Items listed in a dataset
========

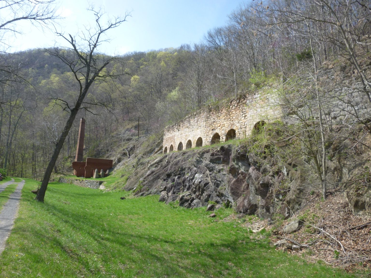 In 1863, the mill was sold and renamed the Round Top Hydraulic Cement Company. It continued as a booming industry, averaging 2,100 barrels of hydraulic cement per week, making it one of Washington County’s most profitable businesses. Over 100 locals workers operated the mill, which included a 16-foot-diameter overshot waterwheel, four pairs of grind stones, and eight coal-fired cement kilns. The cement mill was relocated to the berm side of the canal – meaning it no longer got power from the fall of water from the canal. It was most likely converted to steam power as a chimney sits upon the present-day ruins. The mill was put out of business by Portland cement – which was stronger and took longer to harden – and closed in 1909. Although the landscape has changed and the people are gone, the mill ruins still echo with signs of past commerce, prosperity, hard labor, and industry.
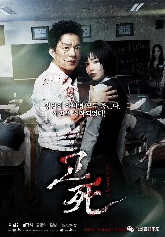 《考死》是由尹鸿承执导,李凡秀、尹晶喜、南奎丽、金范主演的恐怖惊悚电影,该片于2008年8月7日在韩国上映。该片讲述了优等生们为了参加赌上性命的期中考试而进行生存竞争的恐怖故事。五月,对于准备高考的学生来说所剩时间不多了,期中考试刚刚结束,新一轮的排名出来。姐妹淘姜伊娜(南奎丽饰)和明孝(孙云恩饰)分列第五和第四名,成绩优秀。同班男生姜贤喜欢伊娜,知道她喜欢听歌,便送给她一个mp3,更约她们周五晚去参加party……
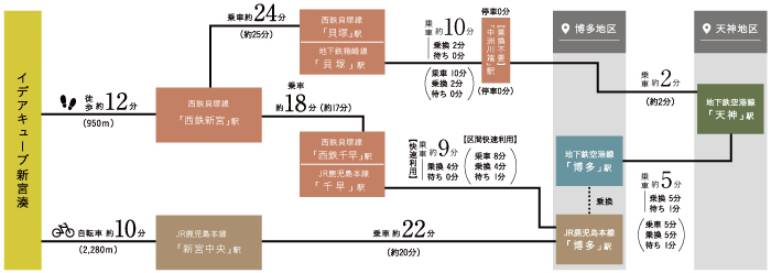 ※電車所要時間は通勤時、()内は日中平常時のもので、時間帯により異なります。また、乗り換え、待ち時間を含んでおります。
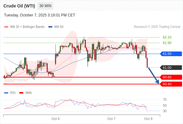 在 61.50 之下,看跌,目标价位为 60.65 ,然后为 60.40 。
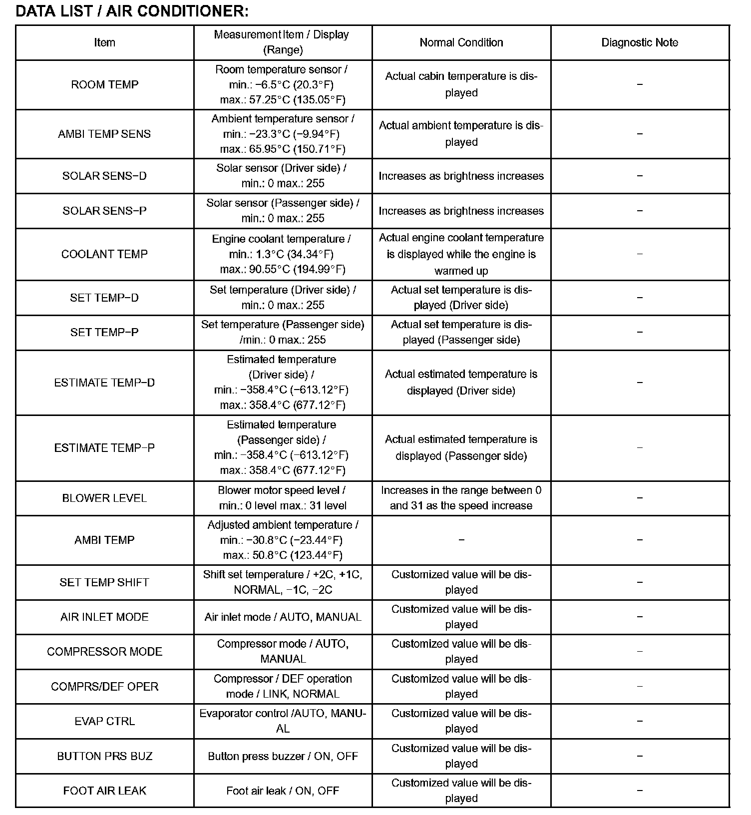DATA LISTHINT: From the DATA LIST displayed on the hand-held tester, you can read the values of the displays, sensors, actuators and so on without parts removal. Reading the DATA LIST as the first step of troubleshooting is one way to shorten labor time.
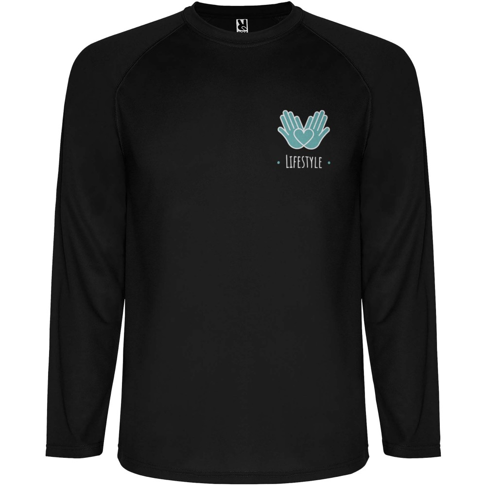 Hosszúujjú technikai raglánujjú póló. Illeszkedő overlock varrások az ujjakon (oldalsó varratok nélkül). Fedett varrások a nyaknál. Lélegző, könnyen mosható és gyorsan száradó anyag. Levehető címke. Emblémázás: Szitanyomás
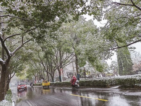 2月7日,泰州市迎来虎年首场降雪,漫天飞舞的雪花将市区装扮得分外美丽。

========

• [WHAT THE EXERCISE ASKS]
Using the entries above, repeat exactly the lines from the one with "在 61.50 之下,看跌,目标价位为 60.65 ,然后为 60.40 。" to the one with "DATA LISTHINT: From", both included, and leave the pictures behind.

• [TASK SOLUTION]
 在 61.50 之下,看跌,目标价位为 60.65 ,然后为 60.40 。
DATA LISTHINT: From the DATA LIST displayed on the hand-held tester, you can read the values of the displays, sensors, actuators and so on without parts removal. Reading the DATA LIST as the first step of troubleshooting is one way to shorten labor time.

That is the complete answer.